So, let me get this straight: if the US support resistance, the US is causing terrorism, if the US is backing a regime, it's promoting terror, if it's backing regime change, it's causing terrorism... I think you're just mistaking correlation and causation. The US is going to be involved in everything, because the US is the superpower. That doesn't mean that everything that happens is its fault (or, to put it otherwise, that everything would be fine without the US).
There are a number of poor choices in terms of who to support and who to topple.

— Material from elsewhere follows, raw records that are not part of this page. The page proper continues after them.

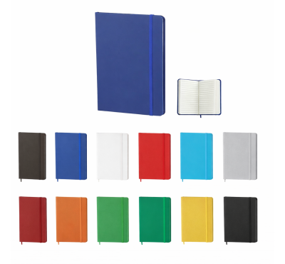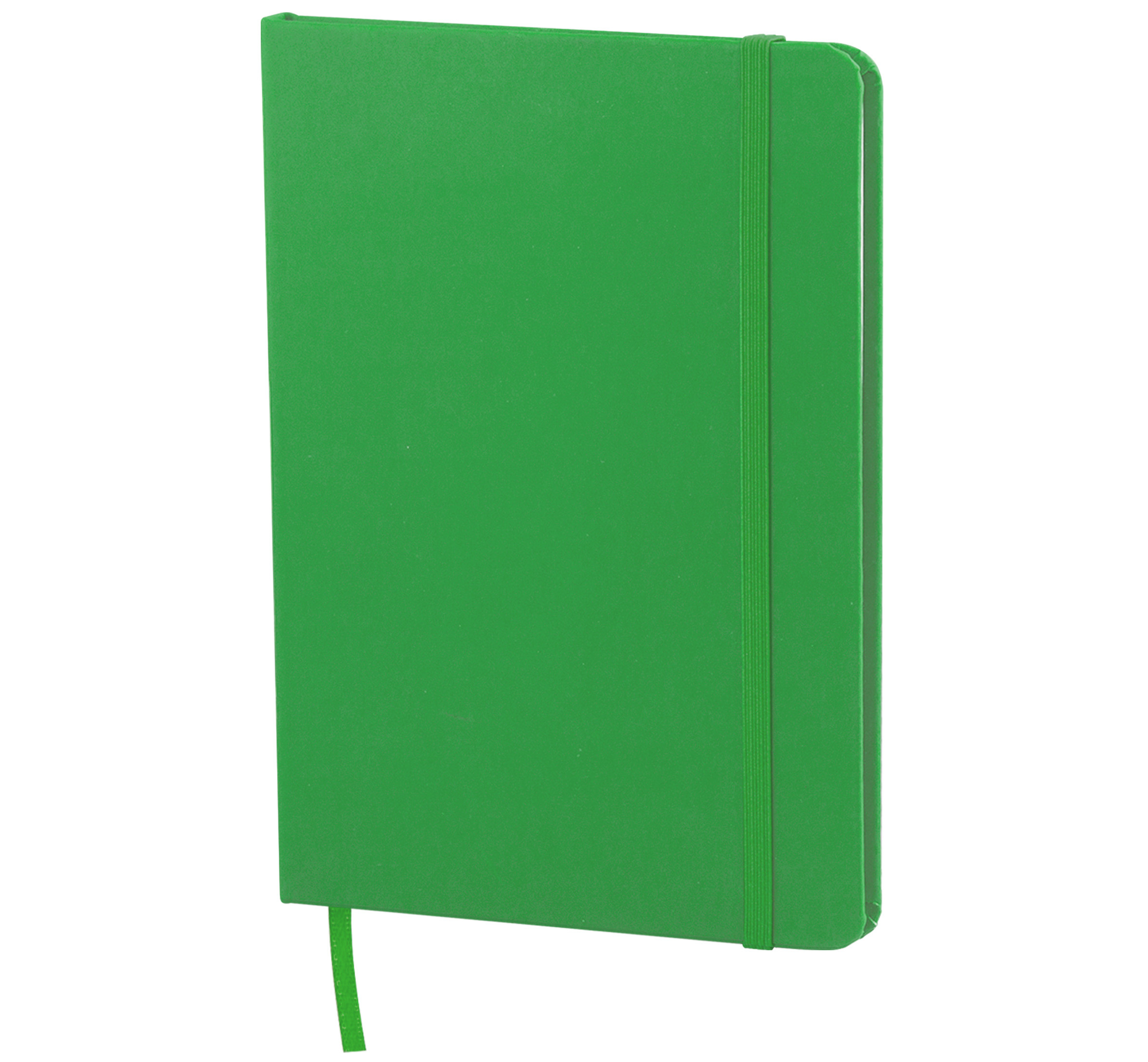 A5 Notebook with soft-feel PU cover, includes 80 sheets of ivory-colored lined paper, a matching coloured elastic closure and ribbon.
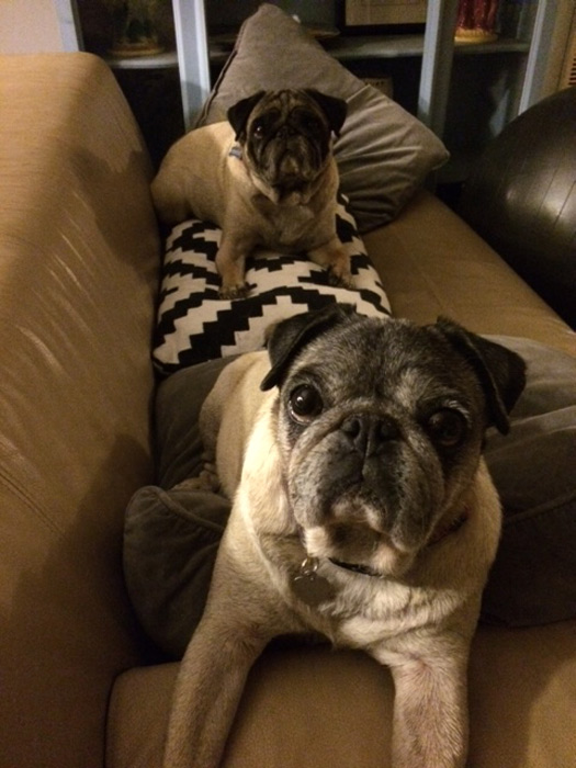 Our two miniature schnauzers relaxing on Grandma’s couch in Northern Wisconsin
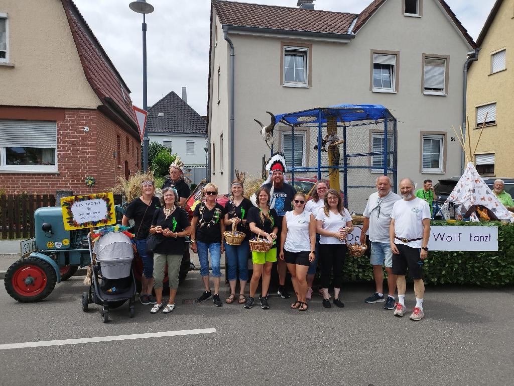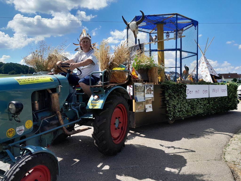 Anläßlich des alle 4 Jahre stattfindenden Kinderfests in Ottenbach unter dem Motto „Die berühmtesten Filme aller Zeiten“ und den Spekulationen um Wolfssichtungen im „Tal der Liebe“ entstand die Idee mit „Der mit dem Wolf tanzt“. Wir warfen uns mit dem Vorstand Franz Raindl als Kevin Costner also in Schale und es stellte sich heraus, daß unser Fahrer „Green“ nach 65 Jahren zum ersten Mal in seinem Leben ein Indianer sein durfte. Das Publikum wurde mit Eiern und Süßem beschenkt und war vom lebendigen Festwagen am 24. Juni begeistert. Doch seht selbst! (Zw.-Phönix, Thüringer Kröpfer, Modena, Chabo) |
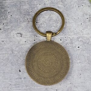 Beautiful upcycled black & gray abstract petal floral print fabric button charm on a bronze key ring.
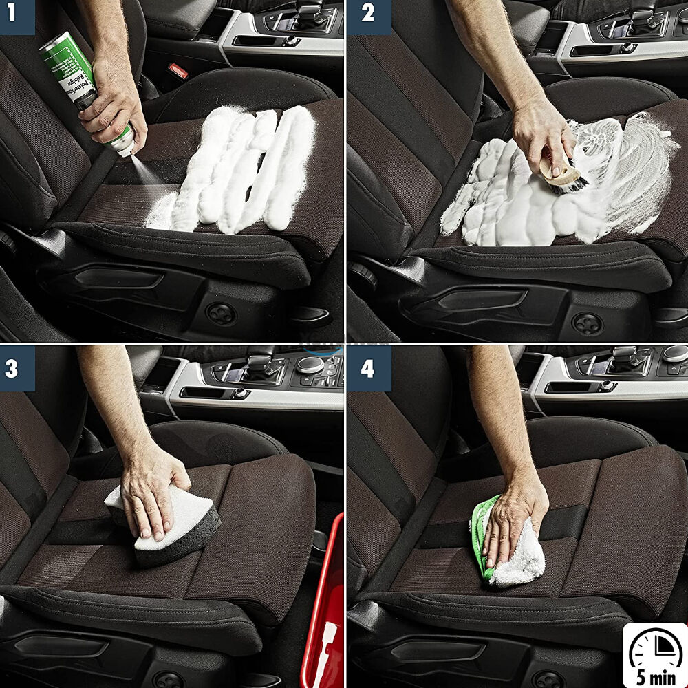 - Распределите пену по поверхности тканевых сидений, потолка автомобиля или текстильных ковриков салона - смотря, что вы очищаете в данный момент;
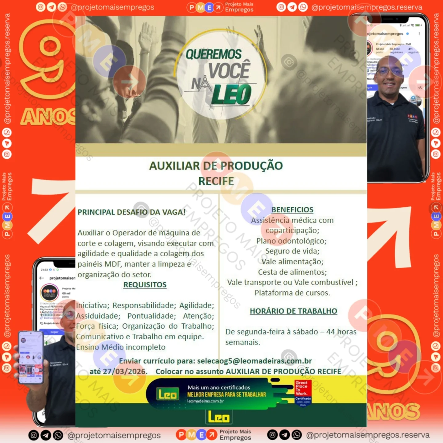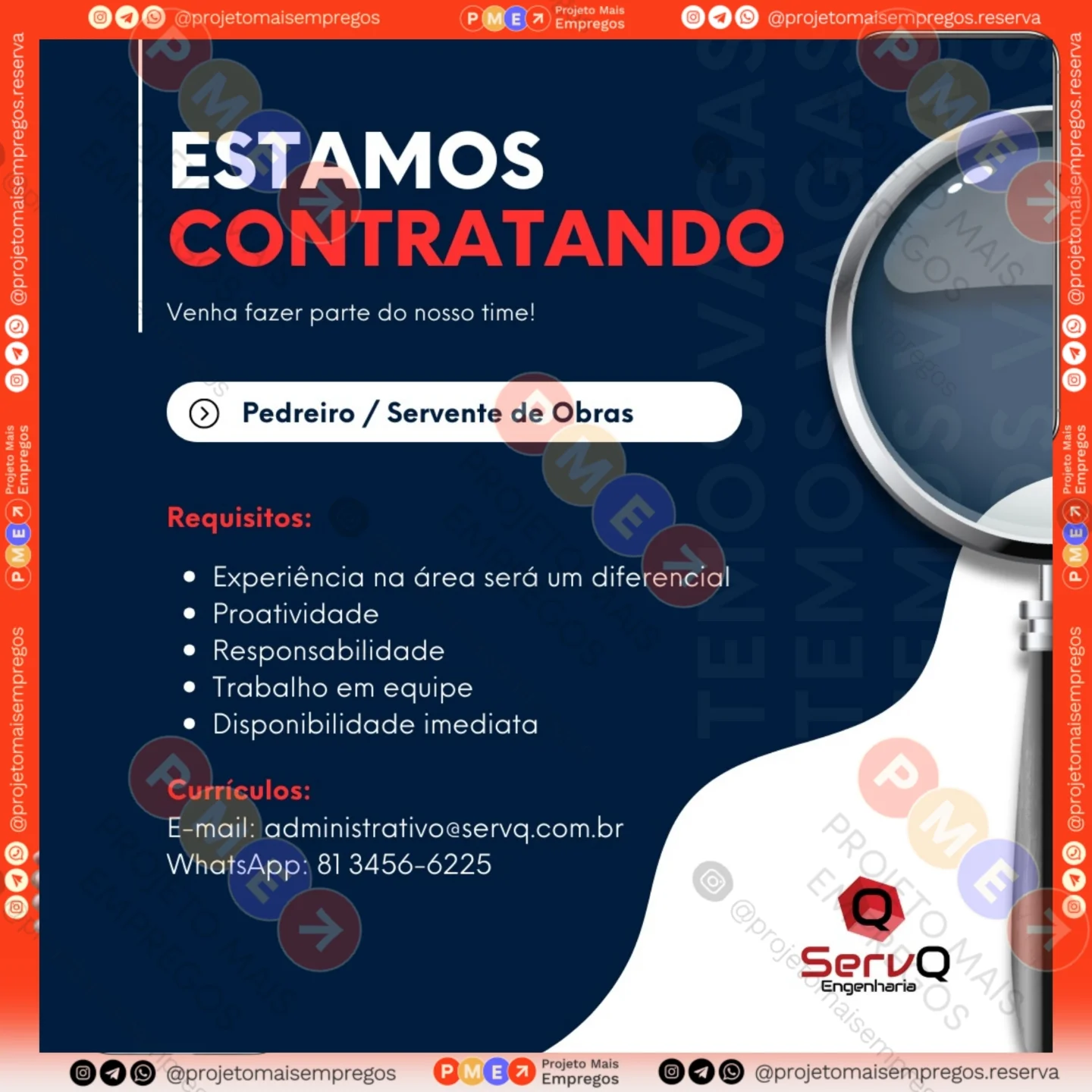 8 Vagas de emprego para Auxiliar De Produção, Auxiliar De Logística, Pedreiro / Servente, Técnico(A) De Seguranca Do Trabalho em Pernambuco nesta sexta-feira (27/03)

The Sandinistas in Nicaragua are the prime example. A collection of various social forces topple a far-right fascist dictatorship, replace it with a Republic which started the nation's first free and fair elections 6 years later (which system the US has even praised now and then when someone pro-US gets elected).
Meanwhile, the USA had been the main supporter of said fascists for about 50 years previously, then 100% funded and trained and armed the remnants of the fascist leader's enforcement squads as "freedom fighters" who proceeded to run terror campaigns targeted at civilians. Meanwhile the CIA provided them actual training manuals
describing civilian leadership assassinations, torture and "rule of terror" tactics to undermine the civilian leadership. The CIA was even indicted for planting ship mines in the harbour in an illegal effort to "blockade" the nation, which sunk a number of merchant vessels from European nations. So you have the US administration order
literal terrorist actions designed to scare other nations away from trading with the country America didn't like.
Nicaragua took USA to the International Court Of Justice over all of this, and won the case. But the USA refuses to recognize the legitimacy of the court, making them 100% a rogue terrorist state, except one too big for anyone to stop.